Changing the low pass recording filter in the system setup to 100 Hz may help the recording if you consistently see large artifacts.

 

What is the Sound Field Analysis button?

The Sound Field Analysis opens the Sound Field Analyzer, which you can use to compensate for any acoustic changes in the test room. For example, if you move the patient further away from the initial calibration, the Sound Field Analysis compensates for this increase in distance.

By using and placing the provided ambient microphone at the place of testing, all stimuli will be measured and will display deviations from the calibrated values. If this is the case, press ‘adjust to target’, which will compensate for the new test conditions. This only takes a few seconds.

 

Is the Sound Field Analysis a calibration of the system?

No, the Sound Field Analysis is not a calibration. The Sound Field Analysis is a compensation that is referenced to a calibrated target.

 

How often should I calibrate my system?

A yearly calibration of the Eclipse should still be performed.

 

How do I turn the intensity of the Sound Field Analyzer down?

In the EP calibration software, it is possible to reduce the intensity of the Sound Field Analyzer.

 

When I press the Sound Field Analysis, I get a pop up saying no target available. What do I do?

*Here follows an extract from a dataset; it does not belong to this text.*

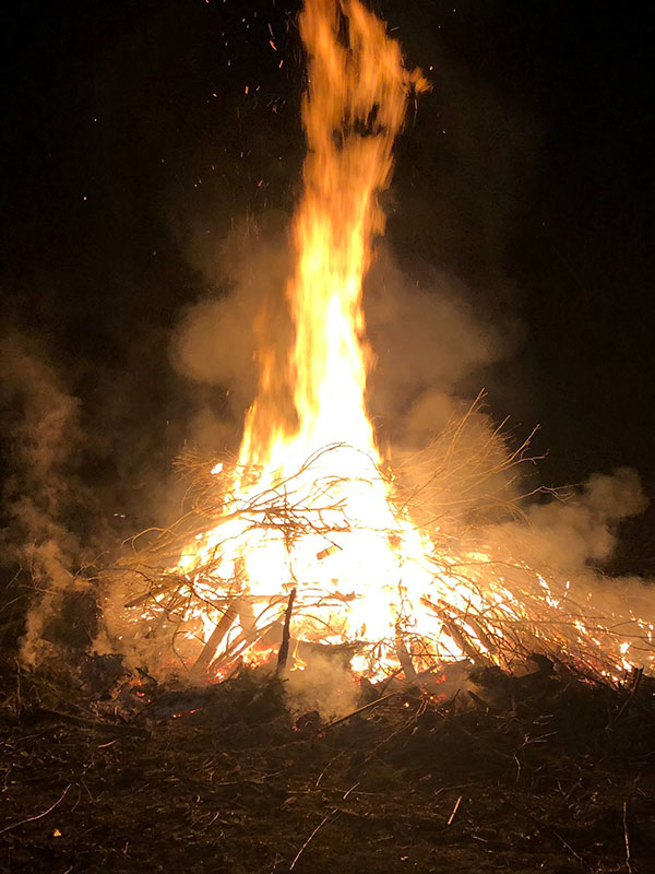 Das Feuer konnte ebenfalls mithalten: es war gigantisch und brannte – dank der unermüdlichen Feuerwehrleute – stundenlang. Die freiwillige Feuerwehr unserer Gemeinde hat wirklich viel auf die Beine gestellt. Stockbrot und Minifeuer für die kleinen Gäste, Getränke aller Art für jedermann, die Würstchen und das frische Brot für die Hungrigen und das Feuer als Augenschmaus und Wärmequelle für alle, die es kuschelig wollten.

If this happens, it is because the system is not calibrated. The system must be calibrated before use, and this must be done at the test location.

 

What are the stop criteria for the test?

For response present, the Fmpi detector will aid as a stop criterion, as will the waveforms displayed. You can split waveforms in A and B buffers as known from ABR and display both channels separately. The waveform reproducibility feature known from ABR is also available.

For response absent, the system has a built-in residual noise calculator. Noise targets will be different than those used in ABR because cortical responses contain more noise.

 

Are BC protocols affected by the fact that the BC output is used in the Eclipse for the loudspeaker?

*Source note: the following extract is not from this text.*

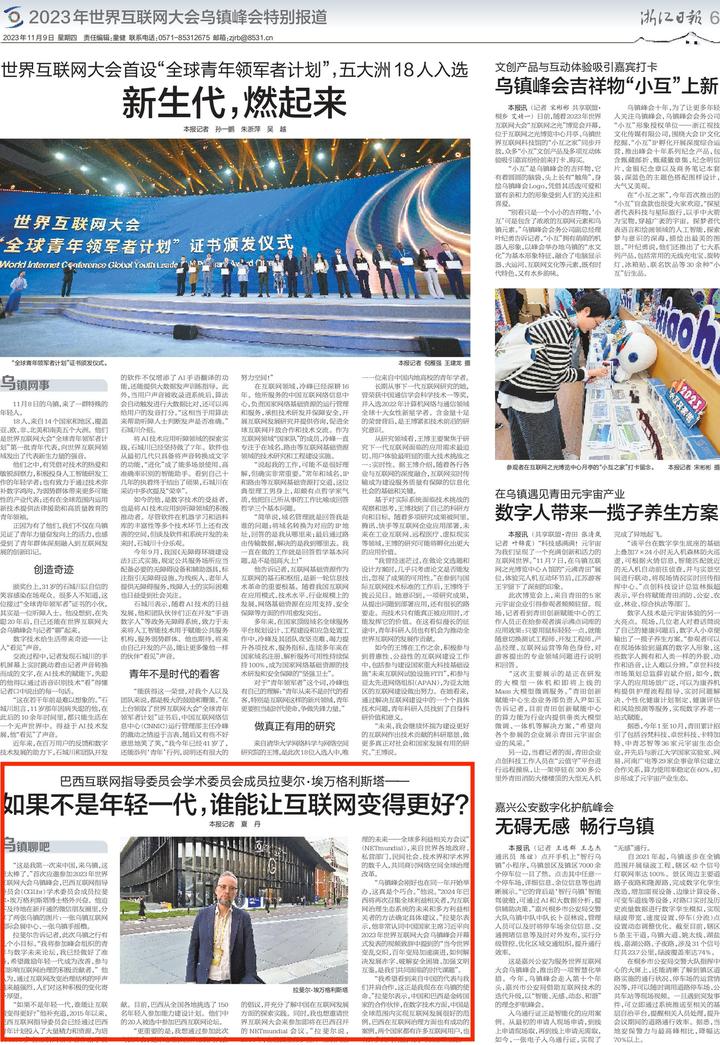 11月9日,《浙江日报》刊发《巴西互联网指导委员会学术委员会成员拉斐尔·埃万格利斯塔——如果不是年轻一代,谁能让互联网变得更好?》,全文如下:

No, the Aided Cortical module uses its own calibration, making it work independently of other modules. So, you can plug in the bone conductor after you have done your aided cortical testing and do testing with a BC protocol.

 

Why are the residual noise targets set at a higher value than ABR?

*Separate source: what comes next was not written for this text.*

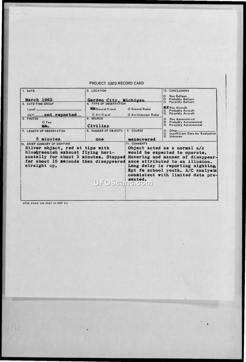 A 1963 UFO sighting report from Garden City, Michigan, was evaluated by the U.S. Air Force as a conventional aircraft. The Air Force dismissed the report due to the delay in filing and maintained their stance that UFOs are not evidence of extraterrestrial technology.

In aided cortical testing, the patient is awake and is supposed to be engaged in some sort of activity. This makes it difficult to reach the same residual noise values in aided cortical testing as in ABR.

 

What sort of task should I give my patient during the test?

The patient should be engaged in a silent activity. For example, silent toys or silent movies. Toys or movies with sound could mask the stimuli presented from the speaker.

 

If I right click, I can see something called ‘Stimulus color’. What is that?

Stimulus color is another way of visualizing your waveforms. By default, the color of each waveform depends on what ear state you have chosen. For example, your waveform will be blue if you have chosen the state Aided Left (AL).

By choosing stimulus color, the color of your waveforms is based on the stimulus and not by the ear. Stimulus colors are set by default.

 

How do I change the color of my waveforms?

You can do this in the calibration software under ‘Aided Cortical general setup’.

 

References

[1] Visram, A. S., Stone, M. A., Purdy, S. C., Bell, S. L., Brooks, J., Bruce, I. A., Chesnaye, M. A., Dillon, H., Harte, J. M., Hudson, C. L., Laugesen, S., Morgan, R. E., O'Driscoll, M., Roberts, S. A., Roughley, A. J., Simpson, D., & Munro, K. J. (2023). Aided Cortical Auditory Evoked Potentials in Infants With Frequency-Specific Synthetic Speech Stimuli: Sensitivity, Repeatability, and Feasibility. Ear and hearing, 44(5), 1157–1172.